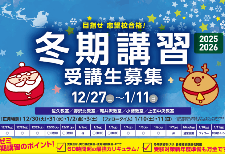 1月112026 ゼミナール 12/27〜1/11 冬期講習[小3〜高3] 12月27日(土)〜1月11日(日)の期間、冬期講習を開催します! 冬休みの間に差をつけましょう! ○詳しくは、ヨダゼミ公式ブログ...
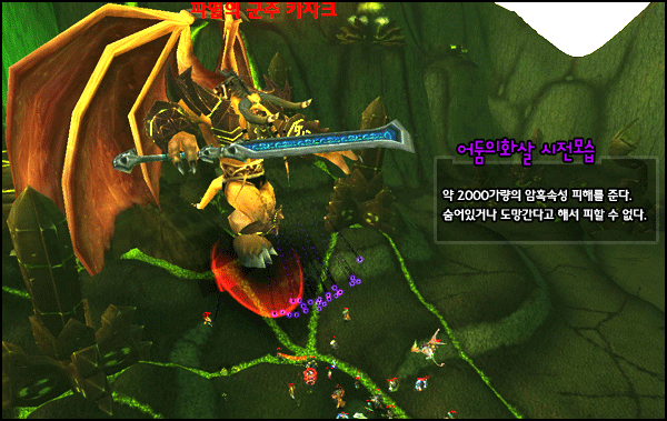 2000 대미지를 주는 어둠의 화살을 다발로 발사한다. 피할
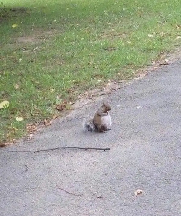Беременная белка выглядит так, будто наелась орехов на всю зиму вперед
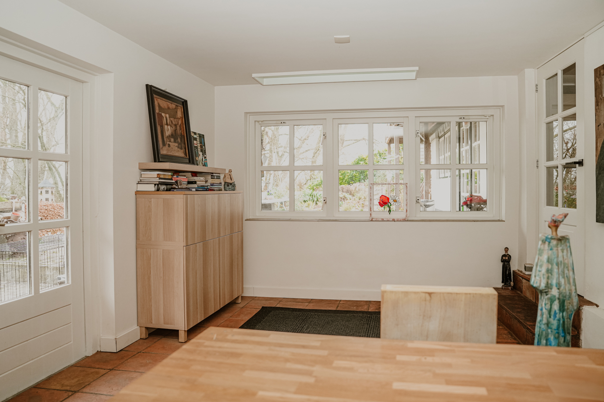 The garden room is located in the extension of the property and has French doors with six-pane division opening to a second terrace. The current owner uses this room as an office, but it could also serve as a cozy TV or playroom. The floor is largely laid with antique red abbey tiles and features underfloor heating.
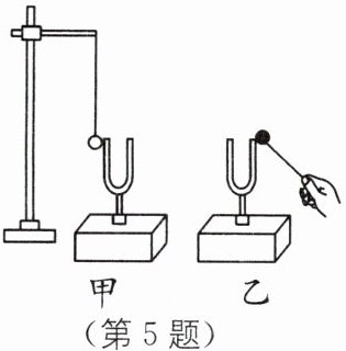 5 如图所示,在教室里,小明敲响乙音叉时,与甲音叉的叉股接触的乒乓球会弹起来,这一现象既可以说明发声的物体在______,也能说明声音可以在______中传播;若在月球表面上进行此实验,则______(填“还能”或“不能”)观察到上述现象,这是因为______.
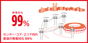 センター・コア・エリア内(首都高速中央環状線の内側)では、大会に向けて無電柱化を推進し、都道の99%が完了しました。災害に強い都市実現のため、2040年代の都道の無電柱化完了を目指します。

####

Where the line holding "2000 대미지를 주는 어둠의 화살을 다발로 발사한다. 피할" appears, start copying, and continue exactly through the last line of the listing, both ends included, skipping the pictures.

_WRITTEN REPLY:_
 2000 대미지를 주는 어둠의 화살을 다발로 발사한다. 피할
Беременная белка выглядит так, будто наелась орехов на всю зиму вперед
 The garden room is located in the extension of the property and has French doors with six-pane division opening to a second terrace. The current owner uses this room as an office, but it could also serve as a cozy TV or playroom. The floor is largely laid with antique red abbey tiles and features underfloor heating.
 5 如图所示,在教室里,小明敲响乙音叉时,与甲音叉的叉股接触的乒乓球会弹起来,这一现象既可以说明发声的物体在______,也能说明声音可以在______中传播;若在月球表面上进行此实验,则______(填“还能”或“不能”)观察到上述现象,这是因为______.
 センター・コア・エリア内(首都高速中央環状線の内側)では、大会に向けて無電柱化を推進し、都道の99%が完了しました。災害に強い都市実現のため、2040年代の都道の無電柱化完了を目指します。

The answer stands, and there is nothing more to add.